But for all of this, there is still a lingering sense that his career is lacking in what you might call ‘legacy moments’, goals that will be remembered by everyone because they counted for so much. Ask neutrals of his most significant goal for Spurs and most will draw a blank. His whip from the left-hand side in the north London derby at the old White Hart Lane in March 2016 felt like it was of world-historical significance at the time. But that game finished 2-2 and Spurs came third in the league. There was his headed winner against Arsenal the previous season, his goal in the 2017 FA Cup semi-final against Chelsea, his winner against Manchester City in February 2022 — but none of those moments ultimately led to a trophy.

In the very biggest games for Spurs, that career-defining moment never came. He was effectively shut out of the 2015 League Cup final. He was physically dominated by Virgil van Dijk in the 2019 Champions League final after two months out injured. And he did not look at his best for the 2021 League Cup final, again coming straight back into the team after an ankle injury. And for the decisive wins in the run to the 2019 final, against Manchester City and Ajax, Kane was out injured. The legacy moments belonged to Fernando Llorente and Lucas Moura instead.

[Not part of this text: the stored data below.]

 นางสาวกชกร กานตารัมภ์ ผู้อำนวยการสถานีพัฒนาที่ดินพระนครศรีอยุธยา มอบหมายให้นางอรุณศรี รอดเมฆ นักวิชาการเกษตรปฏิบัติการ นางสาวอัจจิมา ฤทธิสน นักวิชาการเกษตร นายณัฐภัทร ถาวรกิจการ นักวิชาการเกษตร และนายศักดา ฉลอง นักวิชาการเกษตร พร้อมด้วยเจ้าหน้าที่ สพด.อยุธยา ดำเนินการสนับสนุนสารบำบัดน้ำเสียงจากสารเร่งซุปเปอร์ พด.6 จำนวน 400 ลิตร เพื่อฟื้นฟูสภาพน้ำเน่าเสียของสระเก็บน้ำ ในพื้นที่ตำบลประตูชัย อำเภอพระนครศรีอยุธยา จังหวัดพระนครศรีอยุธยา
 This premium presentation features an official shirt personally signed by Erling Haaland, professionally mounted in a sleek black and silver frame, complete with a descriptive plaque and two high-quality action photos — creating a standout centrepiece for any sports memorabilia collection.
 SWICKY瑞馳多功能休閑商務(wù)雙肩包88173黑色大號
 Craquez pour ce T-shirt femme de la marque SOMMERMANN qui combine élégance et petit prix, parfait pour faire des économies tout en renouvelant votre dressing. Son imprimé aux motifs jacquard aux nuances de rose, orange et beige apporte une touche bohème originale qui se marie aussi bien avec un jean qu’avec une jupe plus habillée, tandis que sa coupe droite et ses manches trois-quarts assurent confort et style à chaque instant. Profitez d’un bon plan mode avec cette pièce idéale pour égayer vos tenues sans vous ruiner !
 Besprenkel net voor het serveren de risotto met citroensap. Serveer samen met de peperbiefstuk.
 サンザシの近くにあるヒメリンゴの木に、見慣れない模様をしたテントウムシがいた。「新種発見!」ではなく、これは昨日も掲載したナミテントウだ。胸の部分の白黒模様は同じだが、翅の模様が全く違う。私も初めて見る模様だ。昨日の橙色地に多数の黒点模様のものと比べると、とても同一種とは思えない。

Even for England, for whom Kane has a brilliant tournament record, he looked exhausted in the 2018 World Cup semi against Croatia, faded in the Euro 2020 final against Italy, and then missed the penalty against France in the quarter-final in 2022. It would be unfair to view his England career through this prism given how reliable he has been but, inevitably, some critics will.

So it certainly feels as if Kane has some unfinished business with the Champions League. He was desperate to get back to this competition, and to play for a team who could make an impression on it. Not many people remember it now, but Spurs were in fact in the Champions League last season, limping out after losing 1-0 on aggregate to AC Milan in the last 16, the same stage Bayern are at now. When Spurs faced RB Leipzig in the last 16 in the 2019-20 season, Kane was out with a hamstring injury.

So, for the last time when Kane scored a Champions League knockout goal, you have to go back five years to one of his most underrated moments for Tottenham: his winner in a 1-0 second-leg win at Dortmund, confirming Spurs’ passage through to the quarter-finals. That campaign, of course, ended in the final. Kane will be desperately hoping to get back there on June 1. His fourth Wembley final. And this time with a different result.